In this
post, I will examine the issue of when external documents or policies like
employee handbooks are contractually binding on the parties to an employment
relationship. What I am referring to here are documents or policies, which are
external or outside of the contract of employment such as a leave or redundancy
policy. It is important to note that in this post I do not deal with the issue
of whether a collective agreement is contractually binding on an individual
employment relationship or when and if it is permissible to unilaterally vary
the provisions of these documents.
Often
employers rely on what are commonly referred to as Employee Handbooks. These
commonly deal with issues like holiday leave, notice of termination of
employment, sick leave, redundancy pay, other employment benefits and
disciplinary and grievance procedures. Similarly employers may have self-standing
policies, which deal with any aspect of the employment relationship. Often the question
emerges as to whether any provisions contained in these documents or policies
are contractually binding. There are many good reasons why determining
whether or not the contents of such documents are contractually binding.
Firstly the question is relevant to determining what all of the terms and
conditions of employment are. Secondly, if the provisions of such documents are
contractually binding, it may follow that the employer may not then
unilaterally alter such provisions and a unilateral variation will therefore
constitute a breach of contract. This may attract liability for damages or in
cases where the breach amounts to a repudiation of the employment contract, the
employer may be held liable for constructive dismissal. This question is also
of enormous importance in restructuring situations such as TUPE transfers or internal
restructuring. It may also be of importance to the employee who wants to deal
with a grievance against another employee.
The
fairly recent decision by the Queens Bench Division in Hussain v Surrey and
Sussex HealthCare NHS Trust [2011] EWHC 1670 (QB) provides some important
guidelines regarding this issue. This case involved the question of whether
some aspects of the NHS Practitioners Disciplinary Procedure were contractually
binding. The employee party was a consultant pediatrician who complained that
the NHS had unlawfully excluded her from her work and sought to institute
disciplinary proceedings against her in contravention of her contract of
employment. A number of previous decisions had dealt with similar issues.
However in giving judgment, Andrew Smith, J laid down the following principals:
- The overarching question is to determine whether the objectively evinced intention of both parties is to make the provisions of the extraneous document in question contractually binding or not?;
- In making this determination, there is no single test which is determanative but a number of indicia have to be looked at;
- There is no numerous clauses or 'closed list' of indicia and not all indicia may be relevant in each case but these indicia include:
- The importance of the provision to the contractual working relationship. For example a provision relating to remuneration would be apt for inclusion into the contractual relationship. See Keeley v Fosroc International Ltd [2006] EWCA Civ 1277.
- The level of detail described by the provision. These indicia seem to be more relevant to provisions such as disciplinary procedures. The more detailed the provision the less apt it would be for contractual conclusion.
- The level of certainty of what the provision requires. The more general or vague the provision is, the less apt it is to be contractual.

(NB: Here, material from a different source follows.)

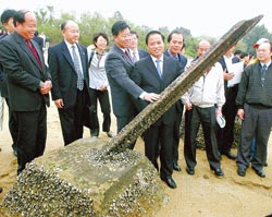 中新網(wǎng)3月30日電 金門與廈門預(yù)定8月共同舉辦“橫渡金廈海上長泳”活動,在臺訪問的廈門市長劉賜貴29日由金門縣長李炷烽陪同至小金門雙口海岸實地勘查。針對縣府基于確保選手安全,將協(xié)調(diào)軍方拆除1000米反登陸“軌條砦”,他強調(diào)這意味著將兩岸過去敵對、對峙的軍事設(shè)施也清除掉,是一件“好事!”

- The context in which the provision is found. If the provision is found amongst other contractually binding provisions, it is more likely to be have intended to have contractual status.
- Whether the provision is workable in practice or makes business sense. Some provisions are more or less apt to be contractually binding. See Alexander and Others v Standard Telephones & Cables [1991] IRLR 286 (QB)
- The wording of the provision. If the wording is more peremptory and less directory such as using the word must as opposed to should or may and so forth, this indicates that parties intend to be bound by the provision.
- It should be remembered that the fact that a document is referred to or incorporated into a contract of employment, does not mean that all of the provisions in that document are intended to be binding. Thus if it has been found that the document itself is intended to be incorporated into the contract either expressly or by implication, the relevant provisions must also then be subjected to scrutiny as to determine if it was intended to be contractually binding.
- Established custom or practice may also indicate the inclusion of a provision as contractually binding. The employer or the industry in which the employer operates may have traditionally have included certain provisions in their terms and conditions of employment.
In the absence of express wording, there is no simple answer to the question of whether a provision of
an extraneous document or policy, practice or procedure is contractually
binding and this will be the subject of legal interpretation of the relevant
provision of the document in accordance with the relevant principals. I would
also go so far as to say the mere fact that a contract of employment or a
statement of particulars of employment have referred to another
document, does not automatically mean that the parties intended the document to
be contractually binding.
Employers
or employees may avoid such indeterminacy by explicitly expressly stating their intentions.
If the wording of a contract and or of the 'external' instrument clearly
expresses that it is either contractually binding or not, it is unlikely that
the contrary will be upheld by the court in a legal dispute.